Figure 3 illustrates the wavefront method. In step 1, only one cell is calculated in diagonal \(d_1\). In step 2, diagonal \(d_2\) has two cells, that can be calculated in parallel. In the further steps, the number of cells that can be calculated in parallel increases until it reaches the maximum parallelism in diagonals \(d_5\) to \(d_9\), where five cells are calculated in parallel. In diagonals \(d_{10}\) to \(d_{12}\), the parallelism decreases until only one cell is calculated in diagonal \(d_{13}\). The wavefront strategy limits the amount of parallelism during the beginning of the calculation (filling the wavefront) and the end of the computation (emptying the wavefront).

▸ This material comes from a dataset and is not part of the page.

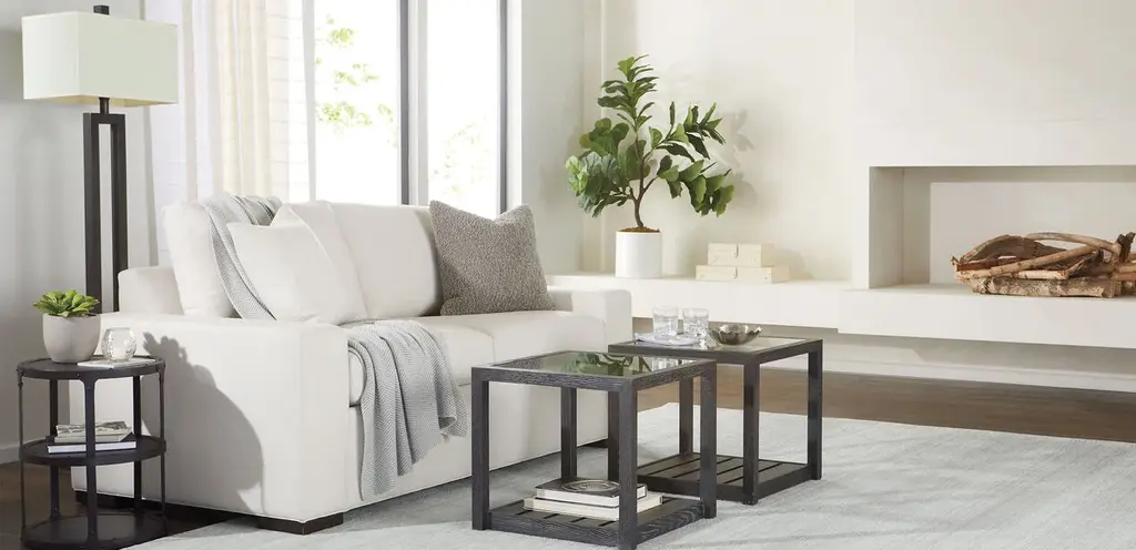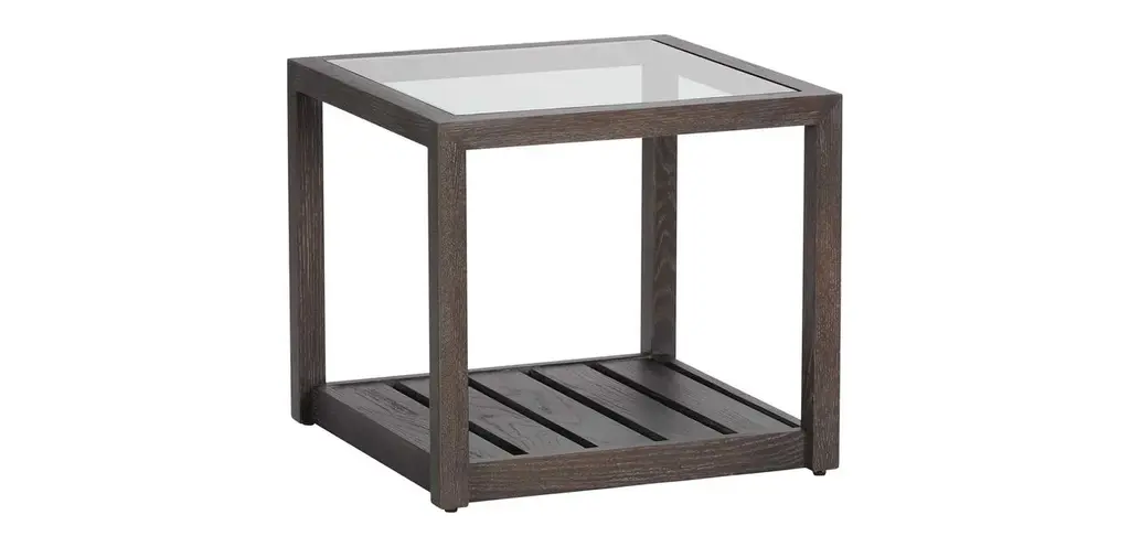 A tempered glass top and a beamed lower shelf give our Lyons bunching table a mix of elegance and rugged industrialism. Made for grouping and now available for Quick Ship in select finishes.

4 CUDAlign Implementation on GPUs
GPUs calculate a single SW matrix using all many-cores, but data dependencies force neighbour cores to communicate in order to exchange border elements. For Megabase DNA sequences, the SW matrix is several Petabytes long, and so, very few GPU strategies [11, 26] allow the comparison of Megabase sequences longer than 10 Million Base Pairs (MBP). SW# [11] is able to use 2 GPUs in a single Megabase comparison to calculate the Myers-Miller [15] linear space variant of SW. CUDAlign [26] obtains the alignment of Megabase sequences with a combined SW and Myers-Miller strategy. When compared to SW#, CUDAlign presents shorter execution times for huge sequences on a single GPU [11].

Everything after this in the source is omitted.